澹臺镜沉默片刻,抬头望向天穹上尚未散尽的围剿令残光。
“因为若不上审判台,白烬永远都是救世主。”
“玄霄可以说你偽造证据。”
“净莲可以说你污衊佛门。”
“镇狱司腐败派可以说你杀將叛乱。”
“中下界会相信你,可上界不会。那些被蒙住眼的人,也永远只会听见仙尊想让他们听见的声音。”
她握紧旧令。
“我想让他们在天律之下,听一次完整的帐。”
这句话落下,黑旗轻轻扬起。
顾长渊看著审判台影像,许久后,淡淡道:“那就去。”
牧无尘皱眉:“若他们把你列为被审者?”
“那就先让他们审。”
顾长渊道,“审到一半,再换帐本。”
裴烈眼睛一亮:“这活我喜欢。”
苏清漪却道:“白烬会准备杀局。”
顾长渊点头:“所以你守旧卷。”
他说完,看向牧无尘。
“你带阵图。”
又看向裴烈。
“你带战堂。”
最后看向澹臺镜。
“你带天律。”
澹臺镜微微一怔。
她从来没有被人这样说过。
带天律。
不是带天律司。
也不是带某位上官许可。
而是带天律本身。
她握紧旧令,郑重点头:“好。”
眾人刚要动身,虚空之外忽然传来一道冷厉军令。
镇狱司黑甲军影浮现,拦在天渊前路。
为首者,正是沈无咎。
章尾,沈无咎立於军阵之前,看著顾长渊。
“这条路,你现在还不能走。”
澹臺镜继续道:“审判台有三重难。”
“第一,身份。白烬一定会让你站在被审者的位置上。”
“第二,证据。所有卷宗进入审判台后,都要过天律司检验,他们很可能借检验之名拖延,甚至污损。”

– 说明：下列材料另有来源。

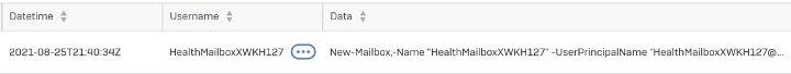 The first requires the command that created the account. This would be present in the MSExchange Management event logs in the form of a “New-Mailbox” cmdlet being issued. Legitimate HealthMailboxes are created automatically by the system and would not have a command being issued or tracked in these logs. Keep in mind that, depending on how much time has passed, the log may have overwritten the event. This information can be acquired through direct PowerShell or Live Discover.
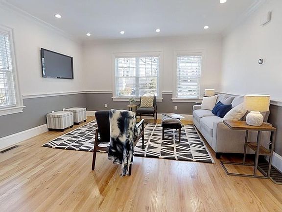 Newly and completely renovated! Townhouse style -detached home. Architecturally designed-masterfully and tastefully executed. Enter this oasis featuring open kitchen, living room with gas fireplace and dining area-sparkling clean and new creating a perfect space for family and friends to gather. Kitchen features spacious center island, high end gourmet range and appliances, quartz countertops. Three bedrooms with custom closets and storage space with en suite bathroom. Balcony off the bedroom creates an outdoor space with views of Boston. Central a/c, Nest thermostats, Ring doorbell system. Yard space with deck is perfect for enjoying grilling and gardening. Two car off street parking. Easy access to Boston/MASS Pike. Flexible Move-In Dates Available

“第三,见证。若没有足够多的界域愿意出声,上界会把此事定性成天渊一方污衊。”
裴烈听得头疼:“所以去那地方,还得先被人绑住手脚?”
澹臺镜道:“按现在的天律,是这样。”
裴烈骂了一声。
顾长渊却问:“旧天律呢?”
澹臺镜一怔,隨即眼神微亮。
她明白顾长渊的意思了。
现行天律被人改过,被人解释过,被上界仙尊握在手里。可旧天律里,仍然有一些连白烬也不能当眾抹去的根条。
比如鸣律钟。
比如三界血证。
比如涉仙尊旧罪,不得闭门审判。
这些条文很老,老到许多人都忘了。
可只要还在,就是刀口。
澹臺镜第一次觉得,自己这些年死背的旧卷,终於有了用处。
顾长渊接过旧令后,没有立刻下令动身。
他先让牧无尘把所有证据重新封存,又让苏清漪核对九州界印与黑旗阵线,最后让裴烈清点能战之人。
越是要上对方的台,越不能乱。
白烬想看的,一定是天渊被愤怒推著往前撞,然后在审判台上露出破绽。
顾长渊偏不。
他可以杀伐果断,却绝不会把证据和人命交给一时热血。
这一点,也是他与真正魔主最大的区別。
於是天渊別院里很快忙了起来。有人抄录卷宗,有人封存影像,有人把倖存者的证词一遍遍核对。裴烈看得烦,却还是亲自守在证据库外。因为他也知道,接下来要打的不是一场单纯的硬仗,而是一场谁也不能乱的明帐。
澹臺镜看著这一切,心里那点最后的迟疑也散了。她终於確定,自己不是在帮一个逆贼钻天律空子,而是在把天律从权贵手里抢回来。
旧令在她掌中微微发烫,像是在回应。
顾长渊看见了,却没有多言。
这就够了。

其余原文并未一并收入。